Let’s start in Week 1 of 2007, when Belichick was caught illegally filming the defensive signals of the New York Jets, even though the Pats would go on to post the first 16-0 regular season in NFL history later that year and the Jets would finish a miserable 4-12. The controversy that followed still taints the coach’s legacy to this day and, looking back, seems downright ludicrous given how much the three-time Super Bowl Champion risked in obtaining the footage for so precious little in return.
On the surface, the Spygate controversy paints Belichick as merely a greedy, immoral tyrant who strives to gain any advantage he can possibly can, fair or unfair. But could there be more to this story?
What if Belichick really thinks his team needs an unfair advantage to win or, at the very least, is so scared of other teams winning that he literally can’t control his actions?
That would explain not only why Bill felt it was necessary to spy on the lowly Jets in ‘07 but also why he habitually leaves his starters in during blowouts and is constantly accused of “running up the score.”
Later that same year, the Pats won three games by more than 30 points (in Week 8 they scored two fourth quarter touchdowns against the Washington Redskins while already up 38-0), they finished with the highest single season point differential in NFL history and in Week 17, while 15-0 with the AFC’s No. 1 playoff seed already locked up, Belichick played his starters all 60 minutes against the New York Giants in a game that, at least in respect to the approaching postseason, was completely meaningless.
The Patriots’ 2010 season was notably similar in that Belichick again won three games by more than 30 points (in Week 13 that year Tom Brady was still throwing passes while up 45-3 against the Jets with under three minutes left in the game), 2011 saw the Pats score a fourth touchdown against the Kansas City Chiefs while up 27-3 in Week 11 with only 64 seconds left to play and 2012, our current season, has so far been simply more of the same.
As of today, the Pats have yet again notched three victories of at least 30 points this season and in one of those contests, a 59-24 thrashing of the Indianapolis Colts in Week 11, we saw firsthand just how easily this “no mercy” strategy can totally backfire: After producing their eighth touchdown that day (on their way to tying the franchise record for single game scoring) with less than four minutes left and up by 34, Belichick watched in horror as his record-breaking All-Pro tight end Rob Gronkowski injured his arm blocking for the ensuing extra point, an injury substantial enough that Gronk has already missed four games so far and still has not been cleared to return.
Did Belichick just underestimate the potential for injury that exists anytime an NFL player takes the field? Or is the NFL’s second-longest tenured head coach (until Philadelphia fires Andy Reid, that is) really such a prick that he considers rubbing in a lopsided victory a bigger priority than protecting his team’s best players?
Is it really any crazier to ponder those suggestions than it is to question whether maybe, just maybe, this guy—who makes more money than any coach in sports but still chooses to dress like a homeless person every game for no apparent reason, mind you—is secretly a paranoid sociopath who’d still be calling flea flickers and post routes even if his team were up by a hundred?

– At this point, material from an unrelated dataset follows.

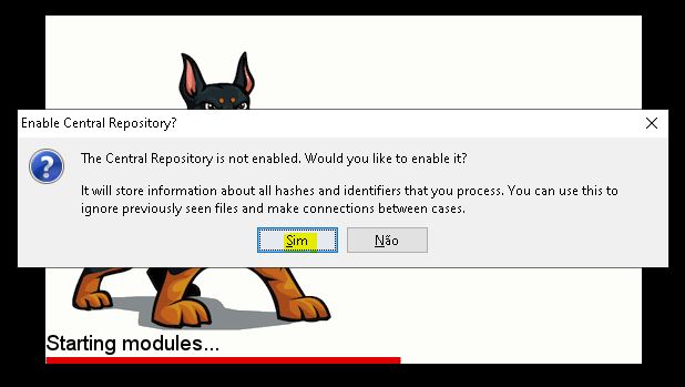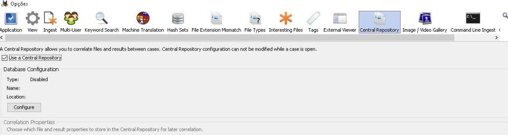 Vamos supor que nosso Autopsy 4 esteja funcionando. O Autopsy 4 quando aberto pela primeira vez mostra uma janela referente ao Central Repository (Repositório Central). Antes de tomar a decisão, vou explicar o que significa.

Could it be those shocking Super Bowl losses New England suffered in ’08 and earlier this year only further fueled his dementia? Or that his dreams are forever haunted by that one epic comeback his team was on the losing end of six years ago this January?

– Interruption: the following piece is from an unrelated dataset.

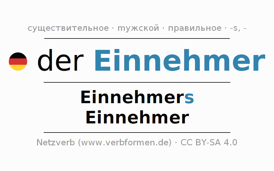 - Множественное число: die Einnehmer, der Einnehmer, den Einnehmern, die Einnehmer

Whatever is motivating this behavior, don’t expect it to change anytime soon, and even if it turns out there is no personality disorder cover-up taking place here, rest assured some new and disturbing twist to Belichick’s legacy will inevitably break at some point in the not-too-distant future either way.
If there’s one thing we know about Bill Belichick, after all, it’s that the man is a magnet for controversy, and considering it’s now been three whole months since the last time everyone’s favorite real-life Star Wars villain made headlines for his reckless behavior, it’s safe to assume another memorable misstep is just around the corner.